Principaux interprètes : Tamara Karsavina (l’Oiseau de feu), Vera Fokina (la Belle Tsarevna), Michel Fokine (Ivan Tsarévitch), Alexis Boulgakov (Kostchéï).
Argument
« Ivan Tsarévitch voit un jour un oiseau merveilleux tout d’or et de flamme ; il le poursuit sans pouvoir s’en emparer et ne réussit qu’à lui arracher une de ses plumes scintillantes. Sa poursuite l’a mené jusque dans les domaines de Kostchéï l’Immortel, le redoutable demi-dieu qui veut s’emparer de lui et le changer en pierre ainsi qu’il le fit déjà à maint prince et à maint preux chevalier. Mais les filles de Kostchéï et les treize princesses, ses captives, intercèdent et s’efforcent de sauver Ivan Tsarévitch. Survient l’Oiseau de feu, qui dissipe les enchantements. Le château de Kostchéï disparaît, et les jeunes filles, les princesses, Ivan Tsarévitch et les chevaliers délivrés s’emparent des précieuses pommes d’or de son jardin. »

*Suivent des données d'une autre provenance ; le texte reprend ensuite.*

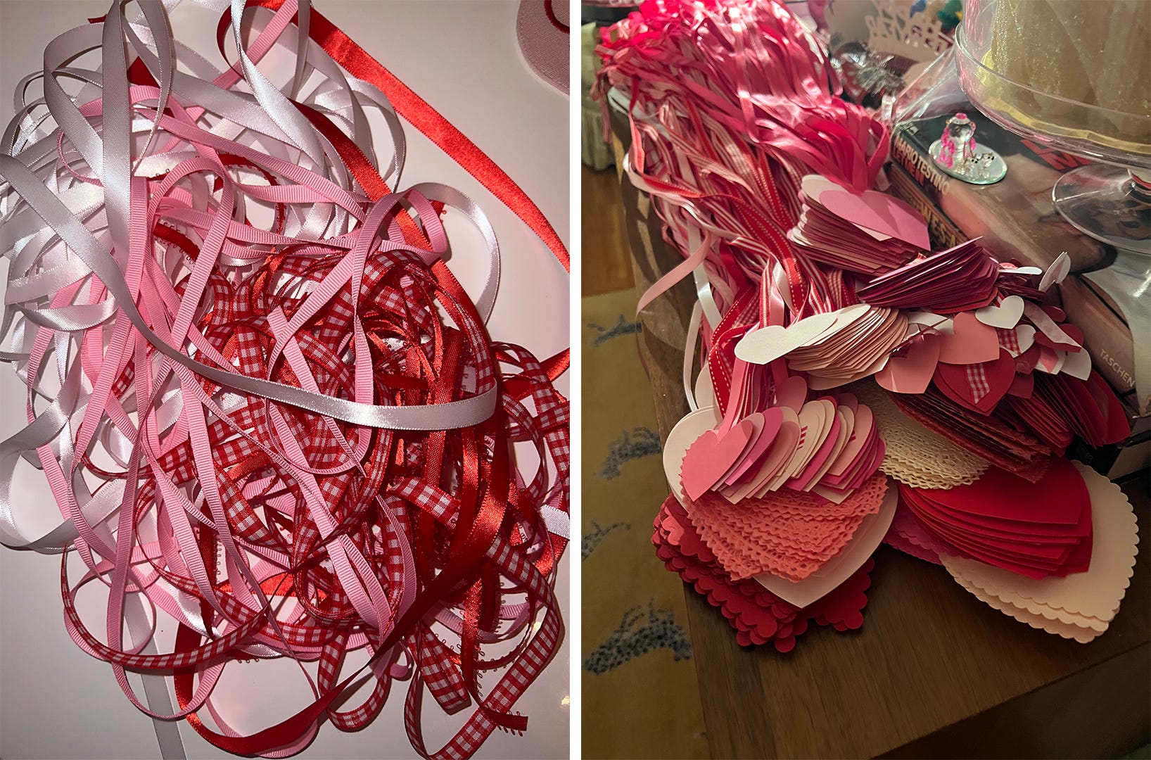 I sourced the hearts from Etsy–a mix of sizes, textures, and shades within my palette. Around December 27th, I ordered about 2,000 hearts. It sounds excessive. It wasn’t.

Dans ses Souvenirs, Karsavina relate les séances chez le peintre : « Blanche m’avoua que son sens du pittoresque était fort amusé par la minceur de l’ossature de mon visage qui contrastait avec la surprenante vigueur de mon cou. Il m’avait longuement étudiée pour savoir comment rendre cette particularité et avait finalement décidé de me peindre la tête tournée de côté, ce qui me donnait quelque chose d’impérieux, dans mon costume de l’Oiseau de feu. »
1911 : Pétrouchka
1911 : Pétrouchka
Un « Pierrot » russe
« Musicalement, la partie la plus difficile pour les danseurs dans ce ballet, est le finale. Après l’arrivée des masques, le compte à 5/8 est joué à un rythme très rapide. C’était tellement difficile à retenir que ma répétition se changea en une leçon de rythme. Je rassemblai la troupe autour du piano et leur demandai à tous de taper dans leurs mains. Chacun frappa des mains, mais à un rythme différent. »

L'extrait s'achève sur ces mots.